For years now, the most successful organizations have been creating competitive advantage by fostering cultures rooted in speed and agility. The pandemic slammed the gas pedal on this digital transformation – leading to predictions of a second wave of digital transformation sweeping every company and industry. The upside of this transformation is self-evident: Businesses are unleashing the ingenuity of their people by freeing them to work in new, faster, smarter ways to drive productivity and innovation. But there's a downside that's a lot harder to see. This agile, cloud-powered collaboration culture naturally leads to Insider Risk. Insider Risk focuses on the idea that, more often than not, data leaks are accidental. An Insider Risk mindset argues that intentions don't always matter; regardless of intention, data leaks jeopardize the financial, reputational, or operational well-being of a company, as well as its employees, customers, and partners. Most organizations don't have a firm grasp on the growing Insider Risk challenge — and they aren't seeing how new ways of working are putting valuable files and data at serious risk.
The growing Insider Risk
Remote work and decentralized collaboration are here to stay. And in this new Work-From-Anywhere world, files are constantly on the move — between endpoints, to and from the cloud, on and off the network. The vast majority of this file activity is harmless. But a surprising (and alarming) amount of file activity puts business value directly at risk — and that risk activity is growing. A recent report from the Aberdeen Group showed that the average number of data exposure events - e.g., insiders moving enterprise files to untrusted locations via email, messaging, cloud, or removable media - is 13 data exposure events per user, per day. The Insider Risk problem will continue to grow considering the rapid acceleration of digital transformation in the post-pandemic world of work. Most IT security leaders expect Insider Risks to continue to increase over the next two years, and Code42 research from spring 2021 showed that employees are a whopping 85% more likely to lose or leak files and data than they were before the pandemic.
Everyday activity causing big damage for businesses
The most challenging part of Insider Risk is homing in on the truly risky activity amid the everyday noise of harmless file activity. But here's a closely related challenge: Most risky activity isn't malicious or intentional; it's just everyday employees, trying to get everyday work done. In fact, Insider Risk often comes from your most productive and innovative employees finding shortcuts to faster, smarter ways of working — and unknowingly exposing files to risk. The impact of these everyday risks is no joke.
The Aberdeen Group report showed that 25% of insider data breaches involve intellectual property (IP). The report gave two ways for businesses to think about the potential cost of having their IP exposed through Insider Risk: Up to 20% of a company's revenue — or as much as 440% of the revenue generated by the exposed IP. Just because the behavior isn't intentionally malicious doesn't mean it's not hurting your business - in a big way.
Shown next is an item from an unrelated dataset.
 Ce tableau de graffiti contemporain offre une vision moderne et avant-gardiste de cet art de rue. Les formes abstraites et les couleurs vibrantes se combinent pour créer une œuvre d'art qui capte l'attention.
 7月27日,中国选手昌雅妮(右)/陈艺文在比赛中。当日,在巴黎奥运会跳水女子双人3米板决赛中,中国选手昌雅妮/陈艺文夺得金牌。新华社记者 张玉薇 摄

You can't tolerate something you don't understand
More and more organizations today are shifting from the conventional "risk prevention" model to the more modern "risk tolerance" paradigm for data security. But the truth is that Insider Risk remains a major blind spot in most organizations — a blind spot that is growing at the speed of cloud-powered collaboration. Security teams can't see all their users' file activity — on the endpoint, in the cloud, remote, on and off the network. And what they can see is shrouded by the noise of all the harmless everyday activity. They can't get a clear signal of their biggest risks.
Without visibility and understanding of Insider Risk, it's not an empowered stance of risk tolerance — it's more like involuntary risk acceptance.
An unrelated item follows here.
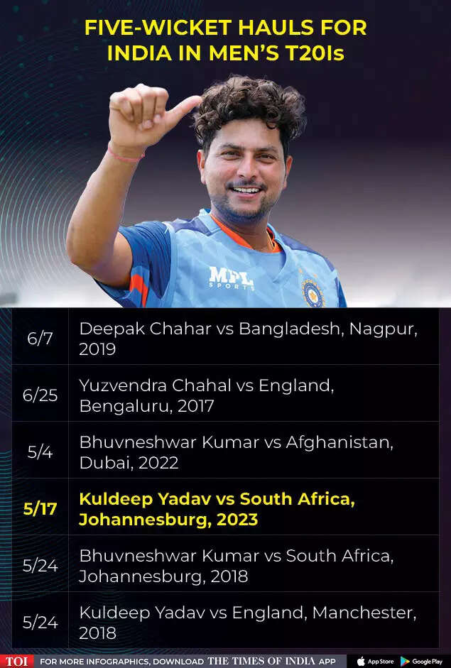 Kuldeep's dream spell made him the sixth Indian bowler to bag a five-wicket haul in T20Is.

Enabling business agility starts with understanding Insider Risk
If organizations want to continue fostering speed and agility to improve business outcomes — freeing employees to work in new, better, smarter ways — they must understand the inherent risk created. They need to recognize the problem that Insider Risk presents to their business. And then work to gain a better understanding of what risk looks like in their organization: identifying their most valuable and vulnerable files and data; recognizing the potential cost of losing that IP; and gaining visibility to the biggest Insider Risks to that IP. With this solid foundation of understanding, IT and security teams can take an empowered stance on enabling the business and tolerating risk — while protecting data and business value.